What to work on.
The required output is the stretch from the line containing "页面上有三个按钮,依次点击,看效果:过期" through the line containing "Pengguna dapat mencek" in the records below, unaltered and with no pictures.

Provided records.

....

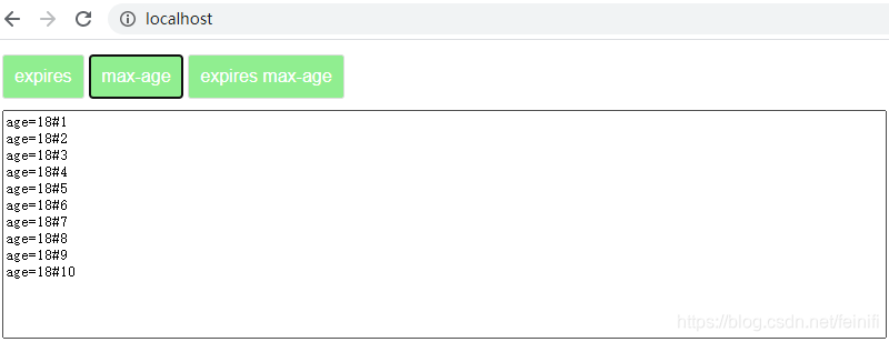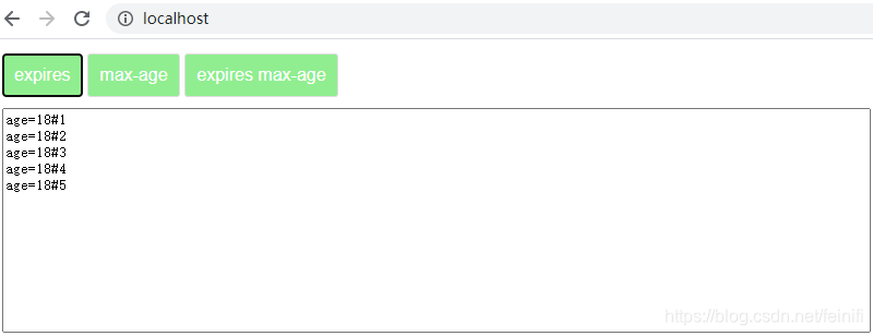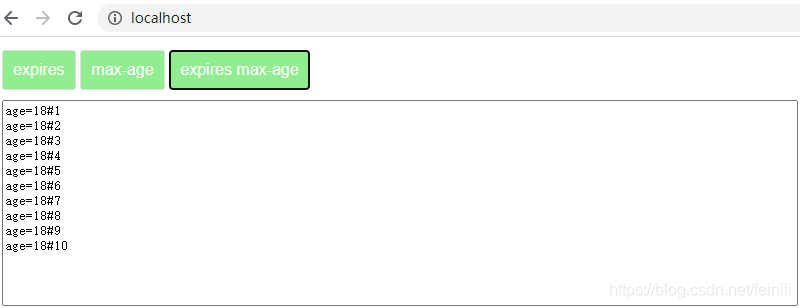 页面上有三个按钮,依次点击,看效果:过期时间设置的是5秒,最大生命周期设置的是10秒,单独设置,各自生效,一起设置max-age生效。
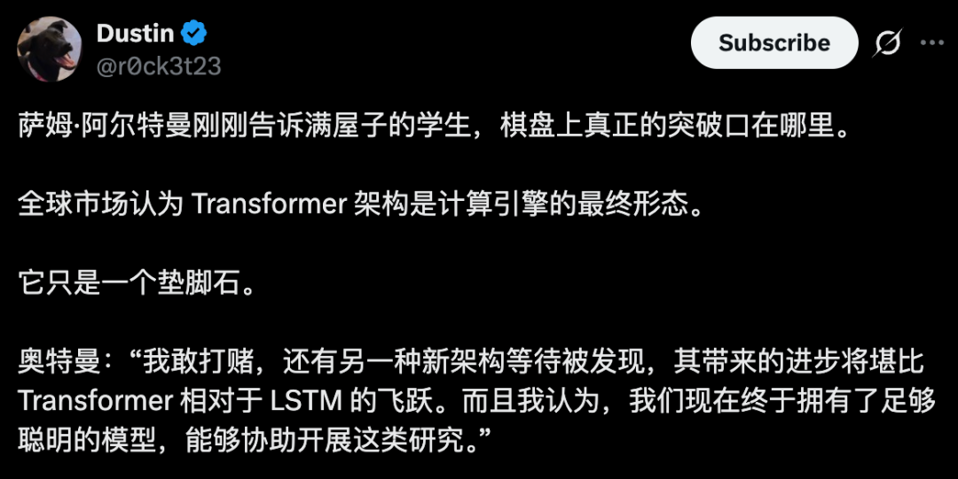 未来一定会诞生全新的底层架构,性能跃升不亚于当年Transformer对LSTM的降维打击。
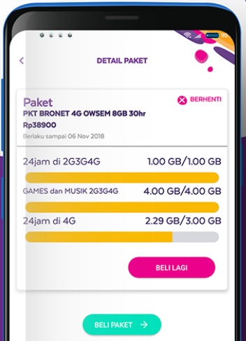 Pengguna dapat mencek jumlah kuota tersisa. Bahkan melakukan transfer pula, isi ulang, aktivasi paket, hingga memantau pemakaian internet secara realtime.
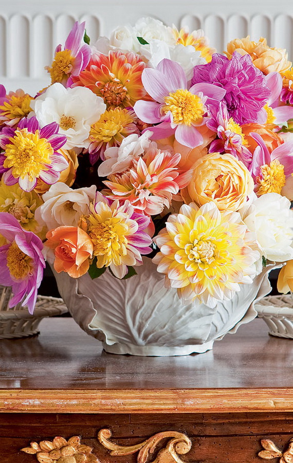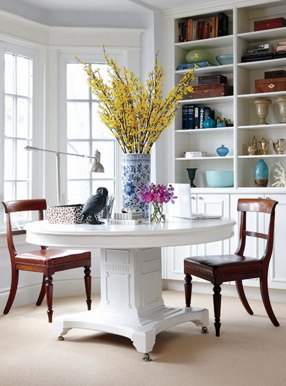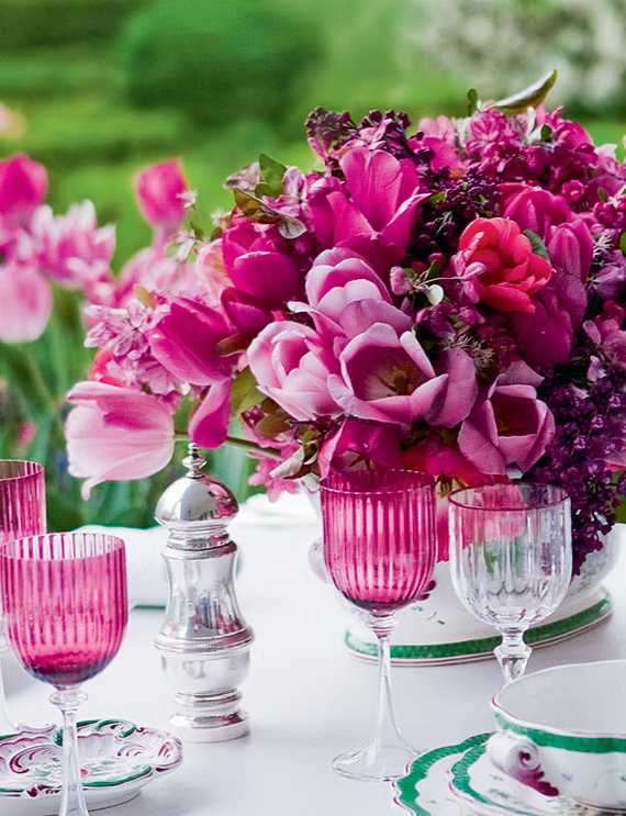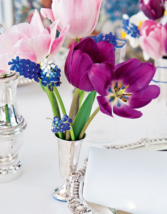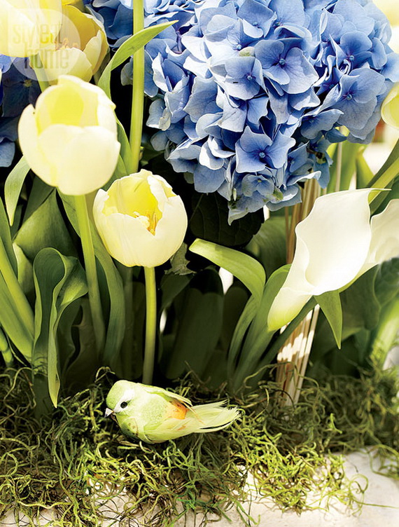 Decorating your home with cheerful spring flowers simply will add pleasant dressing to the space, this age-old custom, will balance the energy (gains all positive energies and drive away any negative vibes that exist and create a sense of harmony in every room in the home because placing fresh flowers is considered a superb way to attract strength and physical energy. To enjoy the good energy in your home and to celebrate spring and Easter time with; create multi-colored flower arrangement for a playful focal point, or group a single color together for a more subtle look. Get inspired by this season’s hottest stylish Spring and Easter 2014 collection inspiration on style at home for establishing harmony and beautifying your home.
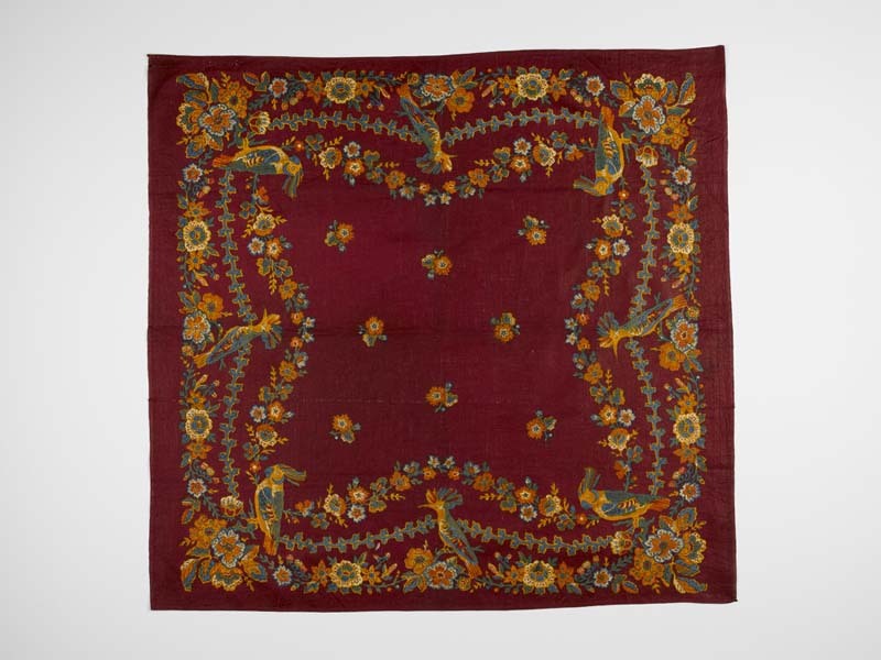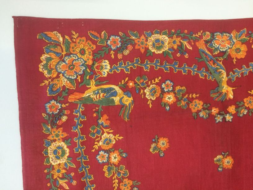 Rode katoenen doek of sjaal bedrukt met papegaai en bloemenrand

....

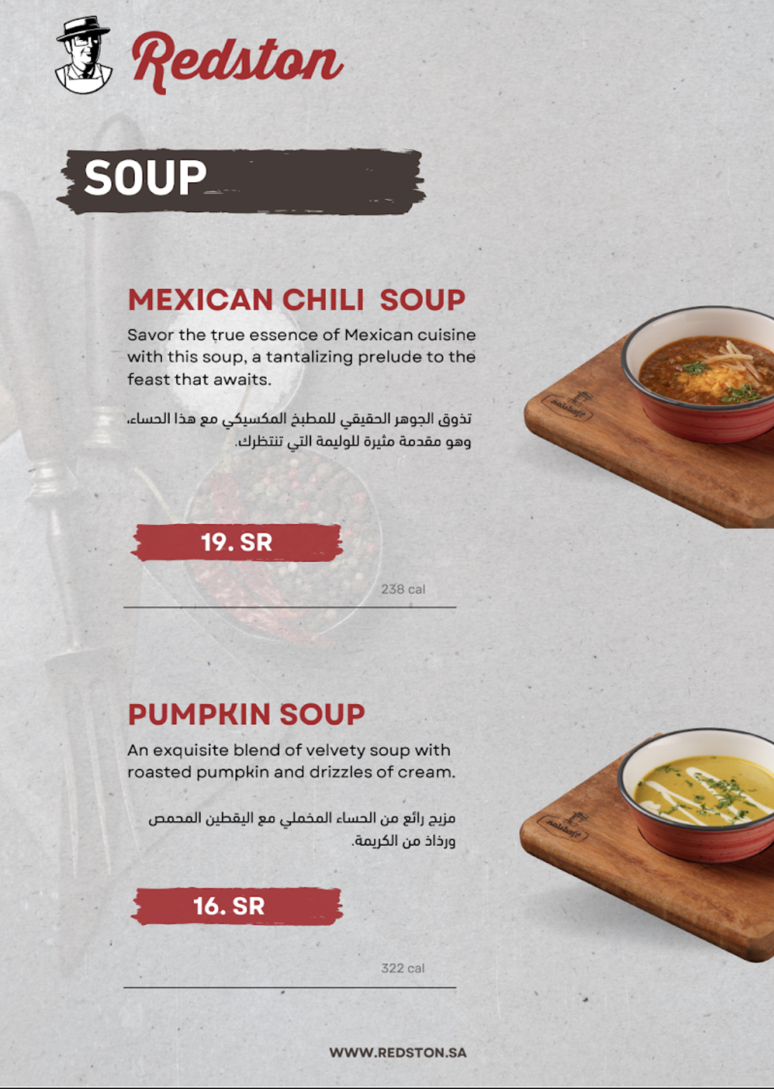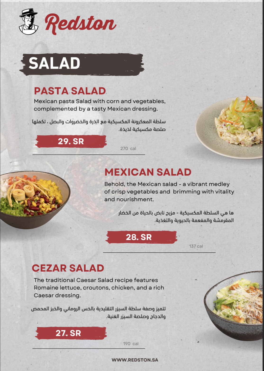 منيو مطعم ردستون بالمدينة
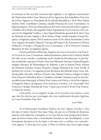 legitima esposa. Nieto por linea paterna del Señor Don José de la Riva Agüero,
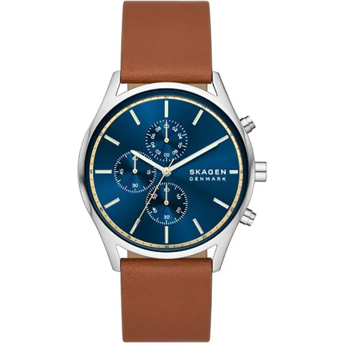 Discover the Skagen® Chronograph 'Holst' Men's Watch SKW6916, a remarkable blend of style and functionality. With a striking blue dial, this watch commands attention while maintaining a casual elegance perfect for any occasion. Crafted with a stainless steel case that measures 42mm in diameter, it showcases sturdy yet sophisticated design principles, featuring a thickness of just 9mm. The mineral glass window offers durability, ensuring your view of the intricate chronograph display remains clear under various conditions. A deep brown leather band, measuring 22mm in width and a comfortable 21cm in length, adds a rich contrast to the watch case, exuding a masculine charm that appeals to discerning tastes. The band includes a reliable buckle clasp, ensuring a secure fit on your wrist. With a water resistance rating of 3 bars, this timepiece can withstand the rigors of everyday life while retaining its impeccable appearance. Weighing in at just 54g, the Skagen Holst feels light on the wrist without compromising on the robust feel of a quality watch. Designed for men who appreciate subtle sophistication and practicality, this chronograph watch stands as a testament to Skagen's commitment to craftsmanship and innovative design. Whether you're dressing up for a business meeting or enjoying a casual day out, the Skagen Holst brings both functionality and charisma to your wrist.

....

The answer.
 页面上有三个按钮,依次点击,看效果:过期时间设置的是5秒,最大生命周期设置的是10秒,单独设置,各自生效,一起设置max-age生效。
 未来一定会诞生全新的底层架构,性能跃升不亚于当年Transformer对LSTM的降维打击。
 Pengguna dapat mencek jumlah kuota tersisa. Bahkan melakukan transfer pula, isi ulang, aktivasi paket, hingga memantau pemakaian internet secara realtime.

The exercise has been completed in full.